The social-media bans are one thing, but the financial deplatforming is potentially more troubling. One can always set up a blog using a server in Malaysia, but more and more, financial institutions are banning those who challenge leftist orthodoxy. Being unable to publicly express your opinions is one thing; being unable to feed your family is another.
The day after 2017’s catastrophic “Unite the Right” rally in Charlottesville, VA, the website VDARE.com—home to several Taki’s Mag contributors past and present—had their PayPal privileges revoked despite the fact that they had nothing to do with the rally. Last week, PayPal CEO Dan Schulman told The Wall Street Journal that his company—which processed over half a trillion dollars’ worth of transactions last year—partners with the Southern Poverty Law Center to decide whom to ban from its service. And it’s not only PayPal—banks such as Chase have been eagerly suspending the accounts of prominent anti-leftist commentators. So have fundraising platforms such as Kickstarter, Patreon, Stripe, and IndieGoGo.
Last week, a mere day after he was erased from Facebook and Instagram, Tommy Robinson also had his book Mohammed’s Koran: Why Muslims Kill For Islam removed from sale by Amazon, which effectively monopolizes book sales worldwide. Amazon claims that it bans books “that promote or glorify hatred, violence, racial, sexual or religious intolerance or promote organizations with such views.”
Pardon me for existing, but judging from the book’s title, it did not encourage violence against Muslims; it addressed systemic violence by Muslims as instructed by the Koran, which, miraculously, is still for sale on Amazon in multiple formats.
Back in 2010, facing heat for carrying a title called The Pedophile’s Guide to Love and Pleasure: A Child-lover’s Code of Conduct, Amazon initially refused to drop the book based on free-speech principles:
Amazon believes it is censorship not to sell certain books simply because we or others believe their message is objectionable.

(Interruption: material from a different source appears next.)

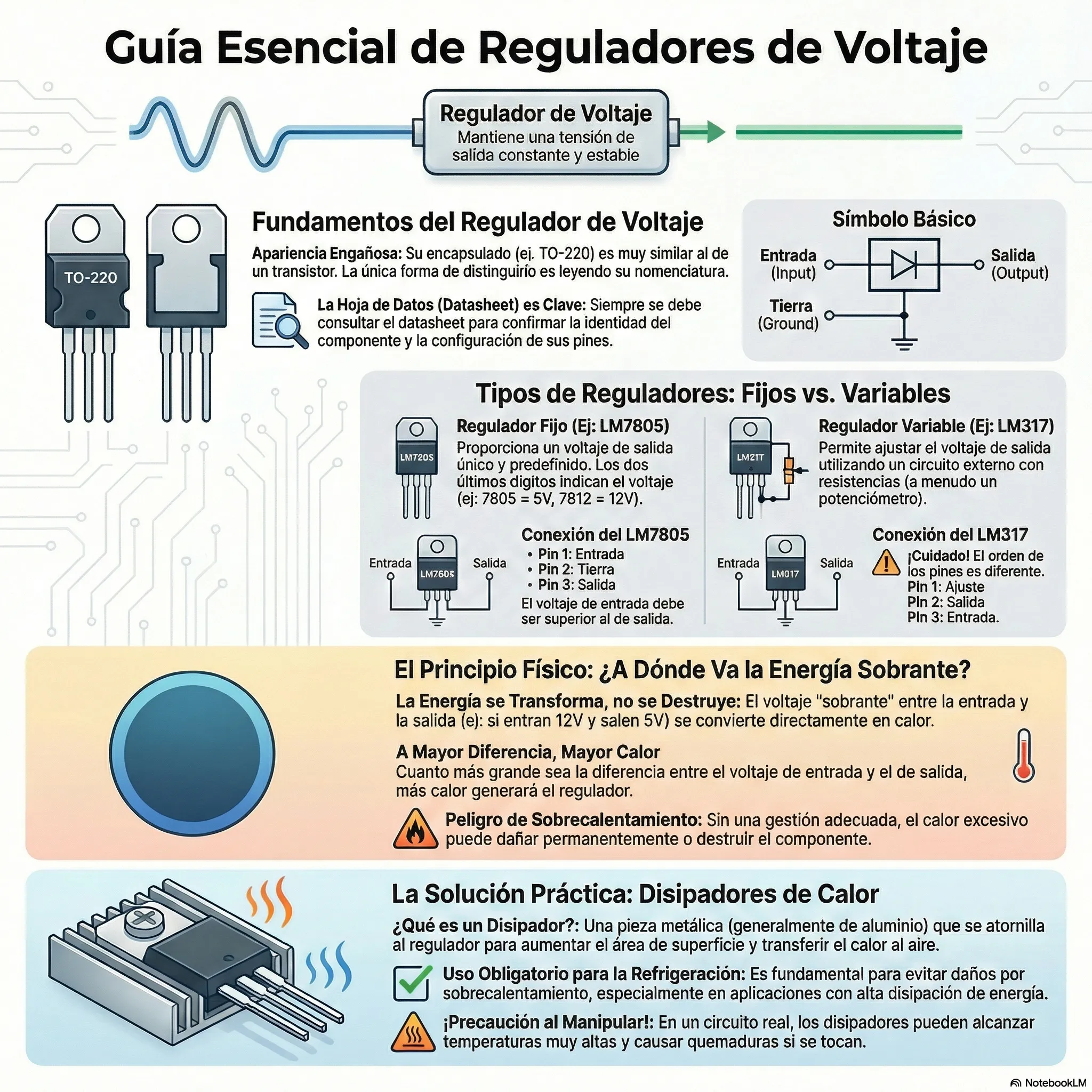 ¿Qué pasa con el voltaje «sobrante»? Si entran 10V y salen 5V, esa diferencia de energía no desaparece; se transforma en Calor.

Of course, it eventually dropped the book. And then it started dropping titles related to Holocaust revisionism. And last week, based on a hyperbolic article that tags anything pro-white—or that even so much as notices the rampant anti-whiteness these days—as “neo-Nazi and white supremacist material,” it dropped four titles by American Renaissance and another fifteen or so books published by Counter-Currents.
Why are mainstream journalists so silent about the ritual silencing of not only “neo-Nazis” but even mild-mannered Trump supporters? Why are they mum about the corporate censorship of roughly half the American public? I often wondered this until I espied an online comment a few months ago—it’s because when it comes to alternative media, the mainstream press sheds no tears for their competition being run out of business.
For now, the best hope seems to be some kind of government-sponsored anti-trust regulations to break up these hostile, speech-squashing technopolies. Treat them as public utilities and regulate accordingly. Failing that, the remedies immediately become much darker and grimmer.
With pornography, the government was banning natural sexual instincts. When it comes to the silencing of anyone who’s “pale and male” and doesn’t feel guilty about it, tech corporations—who in many ways are now more powerful than the government—are suppressing an entirely natural tribal instinct that is not only allowed in all other tribal groups, it’s celebrated.
When anyone seeks to suppress your natural biological instincts, they are not your friend. They have declared themselves your enemy—and should be treated as such.